-- Your task --
Once the pictures are removed, restate the data below word for word.

────────

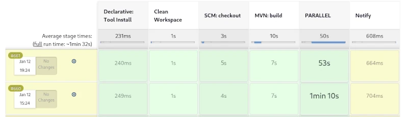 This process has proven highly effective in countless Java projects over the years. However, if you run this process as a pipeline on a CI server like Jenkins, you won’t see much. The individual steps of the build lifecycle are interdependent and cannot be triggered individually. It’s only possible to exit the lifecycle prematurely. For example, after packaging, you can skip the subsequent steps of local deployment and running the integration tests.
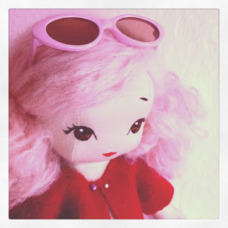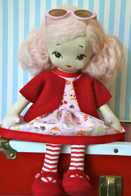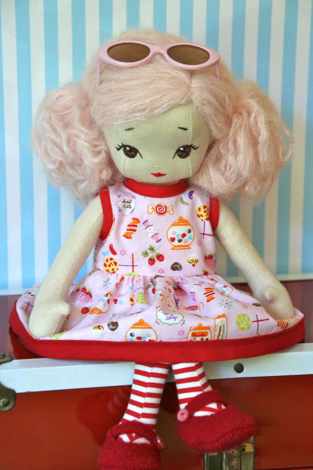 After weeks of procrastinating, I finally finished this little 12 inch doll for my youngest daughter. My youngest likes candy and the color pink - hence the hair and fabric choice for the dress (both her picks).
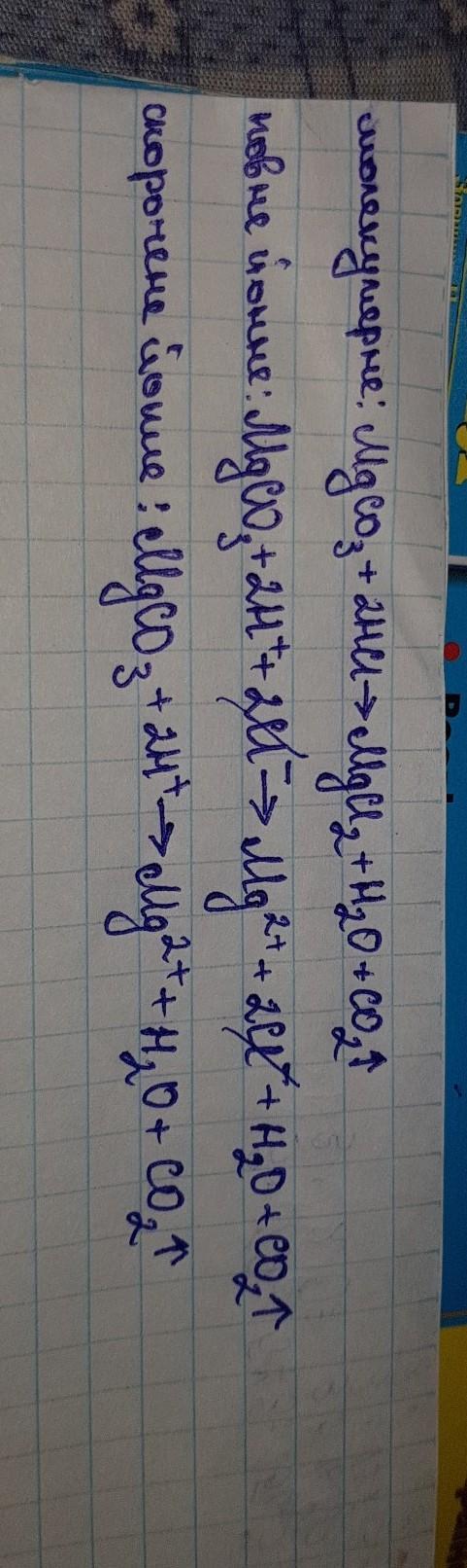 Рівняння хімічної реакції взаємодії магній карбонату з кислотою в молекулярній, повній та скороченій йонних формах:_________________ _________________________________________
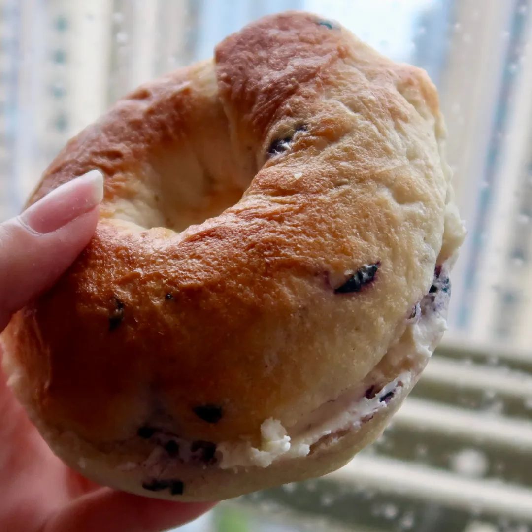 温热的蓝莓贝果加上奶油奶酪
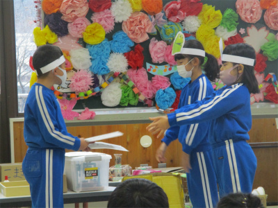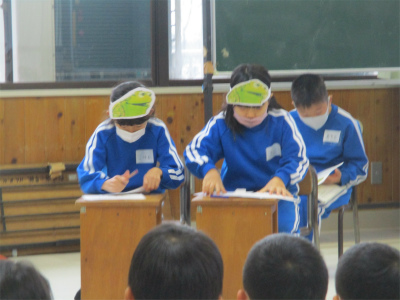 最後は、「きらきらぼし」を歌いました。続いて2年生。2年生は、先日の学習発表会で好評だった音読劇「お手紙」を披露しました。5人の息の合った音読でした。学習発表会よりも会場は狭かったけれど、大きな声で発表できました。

────────

-- Exercise response --
 This process has proven highly effective in countless Java projects over the years. However, if you run this process as a pipeline on a CI server like Jenkins, you won’t see much. The individual steps of the build lifecycle are interdependent and cannot be triggered individually. It’s only possible to exit the lifecycle prematurely. For example, after packaging, you can skip the subsequent steps of local deployment and running the integration tests.
 After weeks of procrastinating, I finally finished this little 12 inch doll for my youngest daughter. My youngest likes candy and the color pink - hence the hair and fabric choice for the dress (both her picks).
 Рівняння хімічної реакції взаємодії магній карбонату з кислотою в молекулярній, повній та скороченій йонних формах:_________________ _________________________________________
 温热的蓝莓贝果加上奶油奶酪
 最後は、「きらきらぼし」を歌いました。続いて2年生。2年生は、先日の学習発表会で好評だった音読劇「お手紙」を披露しました。5人の息の合った音読でした。学習発表会よりも会場は狭かったけれど、大きな声で発表できました。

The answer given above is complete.